To map small brain structures accurately, both high-resolution scans and high TSNR values are required. For example, ocular dominance columns have been mapped using fMRI but only at high field strengths (≥4T) (Cheng et al., 2001; Menon et al., 1997). The difficulty of detecting such small structures at lower field strengths (where SNR is limited at high spatial resolution) is evident in the current results. Cheng and colleagues (Cheng et al., 2001) using a surface coil and 1×1×1mm³ voxels at 4 Tesla, measured the SNR in their region-of-interest to be ~50. Figure 1 shows that the surface coil increased the SNR to approximately that found in 7T magnets equipped with standard head coils. Converting this to a TSNR value in gray matter using Figure 1 gives a value of approximately 40. The measured effect size difference between the left and right eye activation was between 1% and 2%. This corresponds closely to those values found by Menon and colleagues at 4 Tesla and a voxel volume of 0.547×0.547×4mm³ (Menon et al., 1997). Figure 9 shows that it is possible to detect these activations at this TSNR level, albeit with a reasonably long scan duration.

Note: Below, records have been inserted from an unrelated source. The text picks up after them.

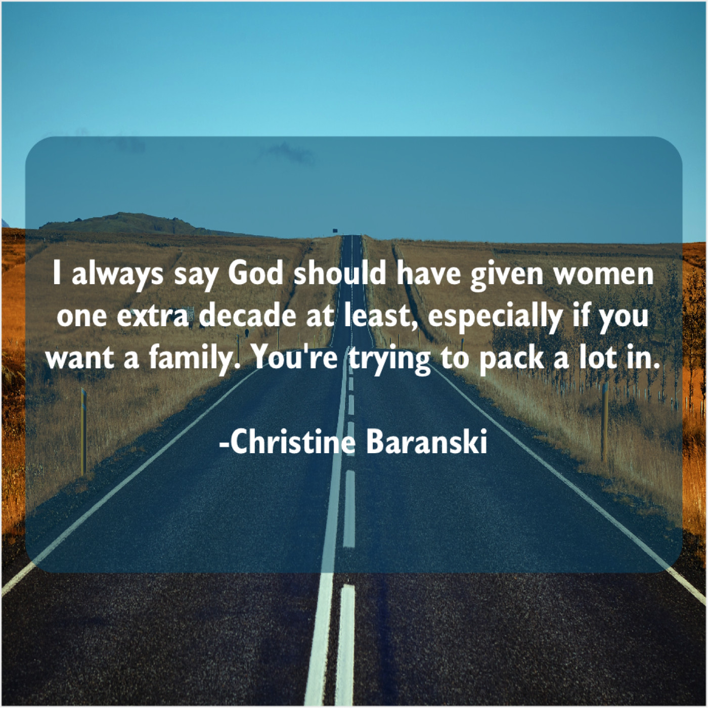 Christine Baranski Christine Baranski – I always say God should… October 30, 2018 admin “I always say God should have given women one extra decade at least, especially if you want a family. You’re trying to pack a lot in.”-Christine Baranski
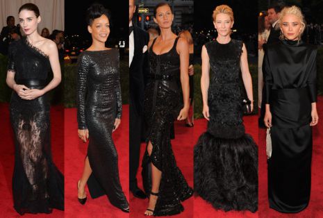 Az estén a klasszikus feketéből sem volt hiány, hiszen Rooney Mara, Rihanna, Gisele Bündchen, Cate Blanchett és Mary-Kate Olsen is az örök divatszínt választotta. Rooney és a szupermodell egy-egy Givenchyt, a barbadosi dalospacsirta egy kígyóbőr hatású Tom Ford-ruhát, Cate egy Alexander McQueen-estélyit, Mary-Kate pedig egy Christian Louboutin-költeményt viselt, ám a kritikusok szerint az utóbbinak igencsak esetlenül állt a fekete nagyestélyi, ráadásul sokak szerint önmaga édesanyja is lehetne.
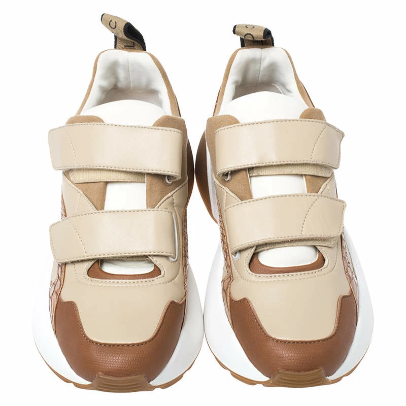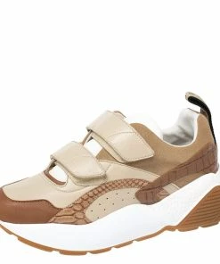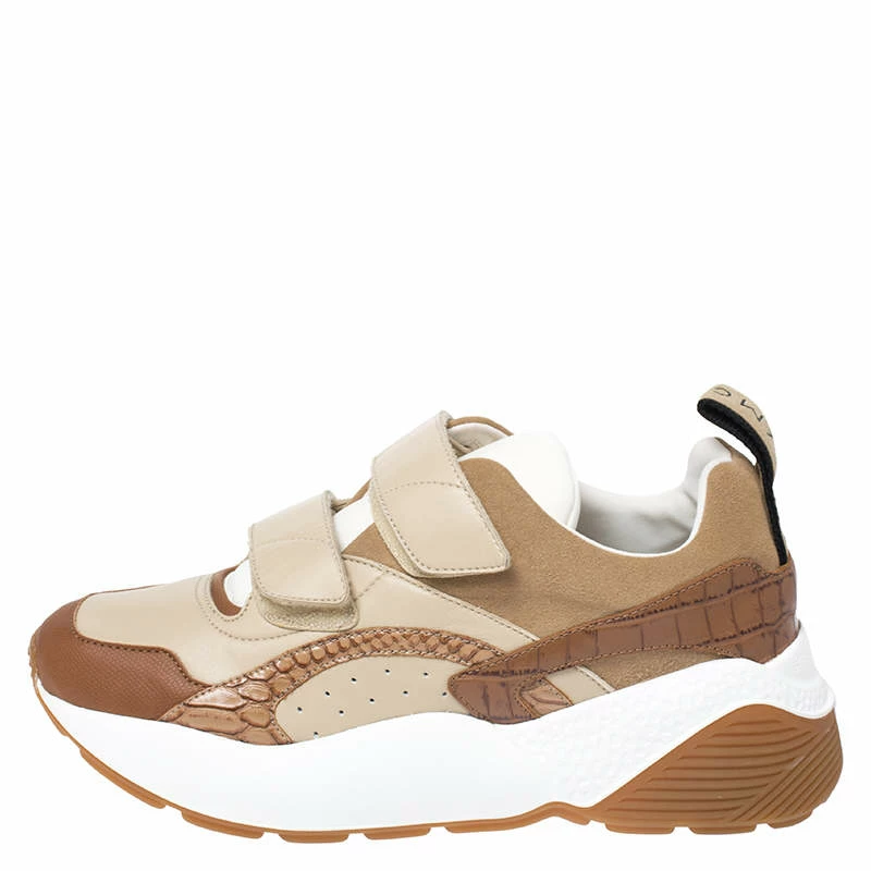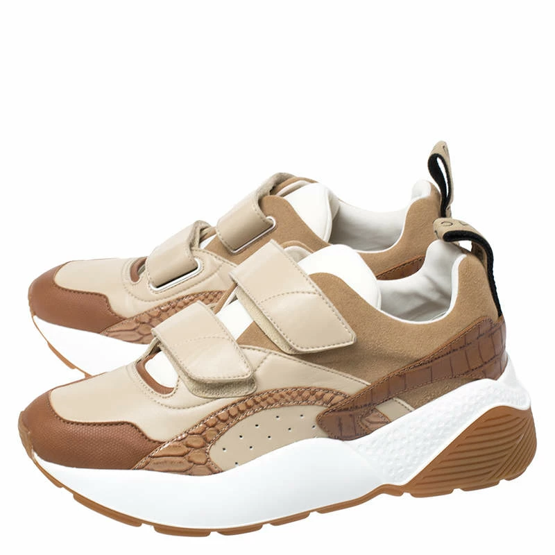 Stay in comfort with these sneakers from Stella McCartney. Crafted with a combination of fabric and faux leather, this pair has textured soles in rich tones along with velcro closure on the uppers. Comfortable fabric lining and tough rubber soles complete these Eclypse sneakers.
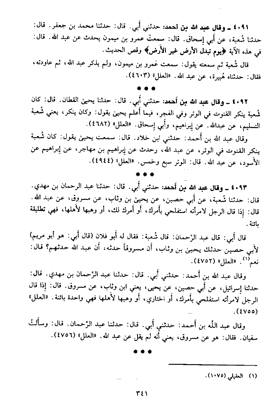 4092 - وقال عبد الله بن أحمد: حدثني أبي. قال: حدثنا يحيى القطان. قال: كان شعبة ينكر القنوت في الوتر وفي الفجر، فيما أعلم يحيى يقول: وكان ينكر، يعني شعبة التسليم، عن عبد الله، عن إبراهيم، وأبي إسحاق. «العلل» (4682) .
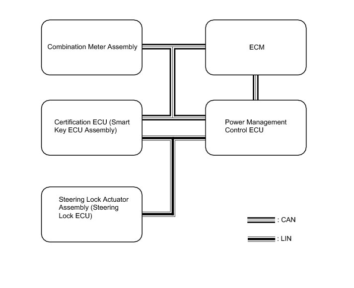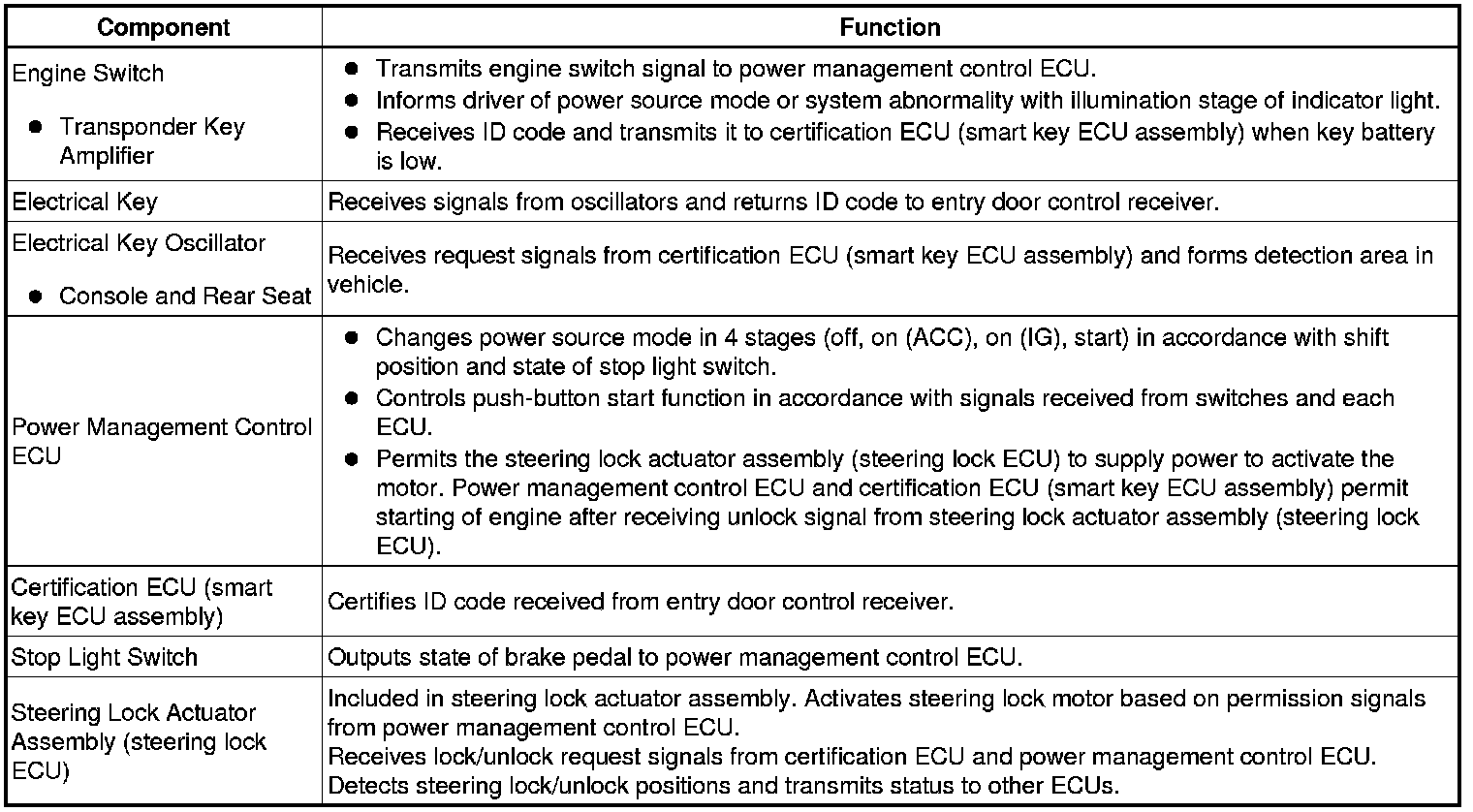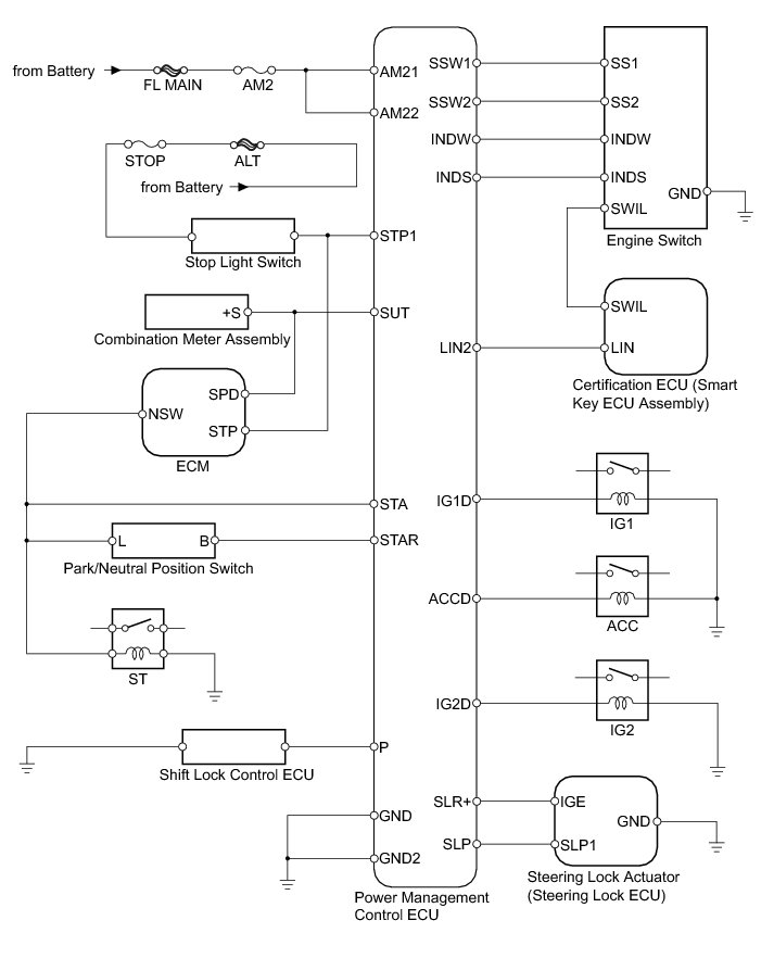 (a) The push-button start uses a push-type engine switch, which the driver can operate by merely carrying the electrical key. This system consists primarily of the power management control ECU, engine switch, steering lock ECU, electrical key, ACC relay, IG1 relay, IG2 relay and certification ECU (smart key ECU assembly). The power management control ECU controls the system. This function operates in cooperation with the smart key system.
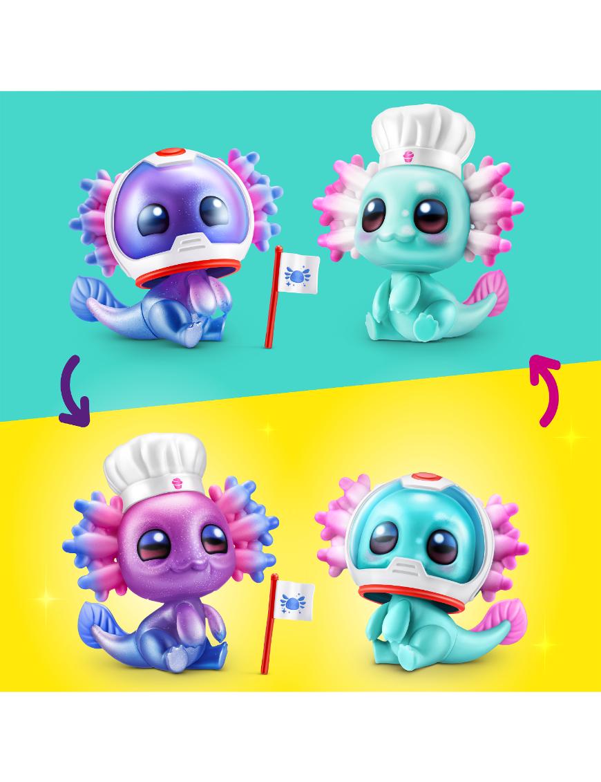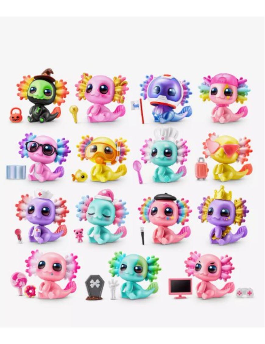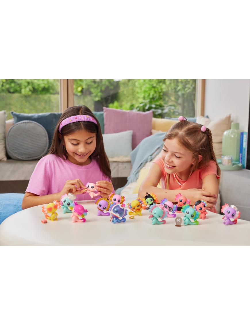Abre la cápsula sorpresa, quita las capas y revela uno de los 15 ajolotes únicos, como Dance-A-Lotl, Read-A-Lotl o Snacks-A-Lotl, cada uno con un estilo propio y accesorios súper divertidos. Incluye una figura temática, 2 accesorios, arena moldeable, una calcomanÃa y una guÃa de colección. ¿Te tocará el ultra raro Astrolotl? Mezcla y combina sus accesorios para crear combinaciones originales y jugar sin parar.
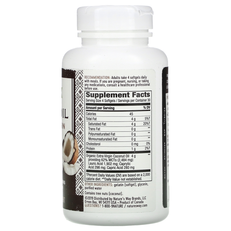 Nature's Way, Чистое кокосовое масло холодного отжима, 1000 мг, 120 гелевых капсул
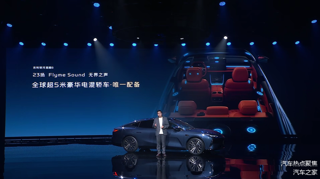 吉利银河星耀8率先搭载23扬声器Flyme Sound无界之声音响系统,其配备2000W独立功放与7.1.4全景声布局,支持4大虚拟场馆音效、4个声场位置、6种预设EQ模式及7个独立频段自定义调音。用户身处车内任意座位,Flyme Sound无界之声均可自动调整声场,让用户全程沉浸在天籁之声的包覆中。

However, if we assume that SNR scales linearly with field strength, then at 3T with a similar surface coil SNR is ~37.5. This corresponds to a TSNR value of approximately 30. For a reasonable threshold of P = 5×10⁻⁶, it would take ~600 time points to detect activation with an effect size of 2% and ~2400 to detect a 1% change. Since Cheng and colleagues collected only 150 volumes over 24 minutes, it seems unlikely that detection of this activation at 3T would be possible. This could explain the inability to map ocular dominance columns with 3T scanners, especially when equipped with standard birdcage coils. However, if the TSNR is increased, the scan duration required can be drastically. Increasing the TSNR by 50% to 45, can reduce the number of time points to detect a 1% change to ~1000. Doubling the TSNR to 60 will reduce the necessary scan duration 4-fold. With recent SNR, and thus TSNR, increases realized by hardware advances such as multi-channel coils yielding 3-fold improvements (Bodurka et al., 2004; de Zwart et al., 2002; Hayes et al., 1991; Porter et al., 1998), the sensitivity required to map these small structures should be achievable at field strengths lower then 4T.

Conclusions

Using theory, simulated and experimental data, a relationship between TSNR, effect size and scan duration is derived. The importance of the TSNR measure for fMRI has been shown. As spatial resolution increases, TSNR decreases, resulting in limited detection of activation in a given experimental time. If the goal is to image at columnar resolution with an effect size of 1% at 3T using standard techniques, doubling the TSNR can decrease the required experiment length four fold. To increase TSNR and hence reduce the required scan duration, higher field strengths or improved coil technologies are required.